Le secret médical : une protection absolue pour le salarié

Que dit la loi ?

Le Code de la santé publique protège strictement toutes les informations médicales concernant un patient, qu’elles aient été confiées, observées ou déduites par un professionnel de santé. Aucune exception n’est tolérée pour l’employeur, même en cas de doute sur la légitimité d’un arrêt de travail.

Les risques pour l’employeur

Si un licenciement repose, même partiellement, sur des informations obtenues illégalement, les conséquences sont lourdes :

  • Nullité du licenciement (C. trav. art. L 1235-3-1) : Le licenciement est annulé, et le salarié peut demander sa réintégration ou des indemnités.
  • Sanctions pénales : Jusqu’à 1 an d’emprisonnement et 15 000 € d’amende (CSP art. L 1110-4).
  • Dommages-intérêts : Le salarié peut obtenir une indemnité de 6 mois de salaire minimum pour licenciement nul.

 

Que faire en cas de violation du secret médical ?

Pour le salarié : comment agir ?

  1. Rassemblez les preuves : Conservez tout échange écrit (emails, courriers) prouvant que l’employeur a contacté votre médecin.
  2. Saisissez les prud’hommes : Contestez le licenciement pour obtenir sa nullité et des indemnités.
  3. Consultez un avocat : Un professionnel du droit du travail à Bordeaux vous aidera à évaluer vos chances de succès et à maximiser vos indemnités.

Pour l’employeur : comment éviter les sanctions ?

  • Ne contactez jamais le médecin traitant : Même en cas de doute sur un arrêt de travail, cette pratique est strictement interdite.
  • Privilégiez les voies légales :
    • Saisissez la CPAM pour un contrôle de l’arrêt de travail.
    • Consultez le médecin du travail (dans le respect du secret médical).
  • Formez vos managers : Sensibilisez vos équipes aux risques juridiques liés à la vie privée des salariés.

 

FAQ : Vos questions sur le secret médical et le licenciement

Mon employeur peut-il vérifier mon arrêt de travail ?

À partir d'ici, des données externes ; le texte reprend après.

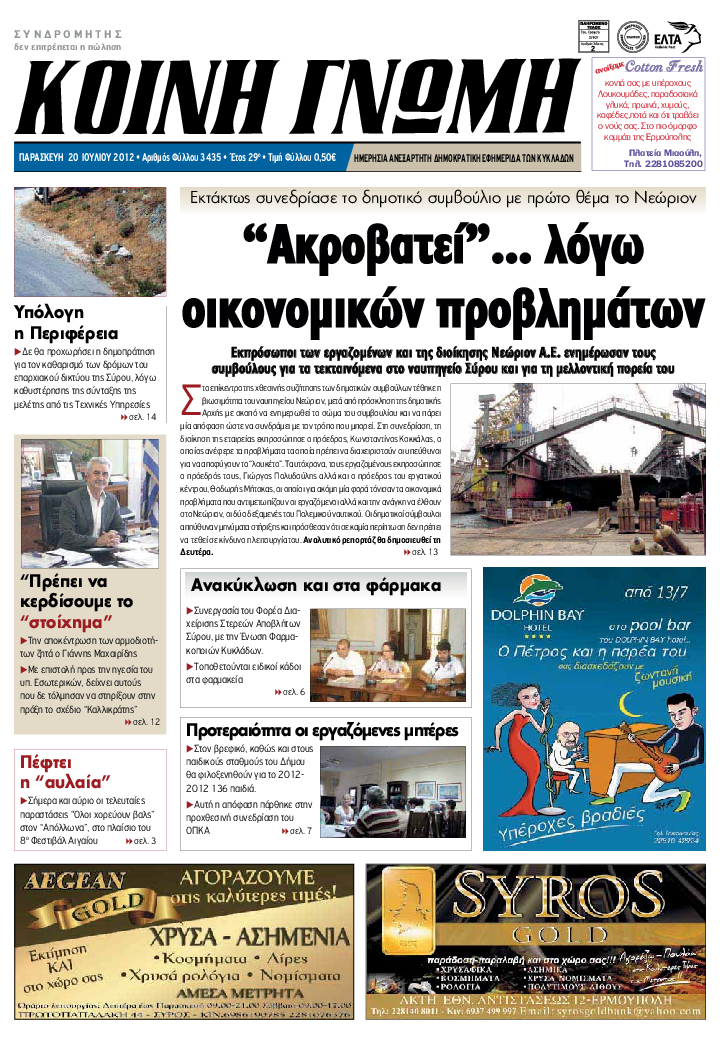 ΚΟΙΝΗ ΓΝΩΜΗ ΚΟΙΝΗ ΓΝΩΜΗ Ημερησια Εφημεριδα των Κυκλαδων

Oui, mais uniquement via la CPAM ou le médecin du travail. Contacter votre médecin traitant est interdit et expose l’employeur à des sanctions.

Que faire si mon employeur a violé le secret médical ?

Consultez rapidement un avocat en droit du travail à Bordeaux pour engager une action en nullité du licenciement et demander réparation.

Quelles sont les alternatives légales pour l’employeur ?

L’employeur peut :

  • Demander un contrôle de l’arrêt de travail via la CPAM.
  • Solliciter l’avis du médecin du travail, dans le respect du secret médical.

 

Besoin d’un conseil personnalisé ?

Un licenciement basé sur des informations obtenues en violation du secret médical est toujours nul. Que vous soyez salarié victime de cette pratique ou employeur souhaitant éviter des sanctions, il est essentiel d’être accompagné par un avocat spécialisé.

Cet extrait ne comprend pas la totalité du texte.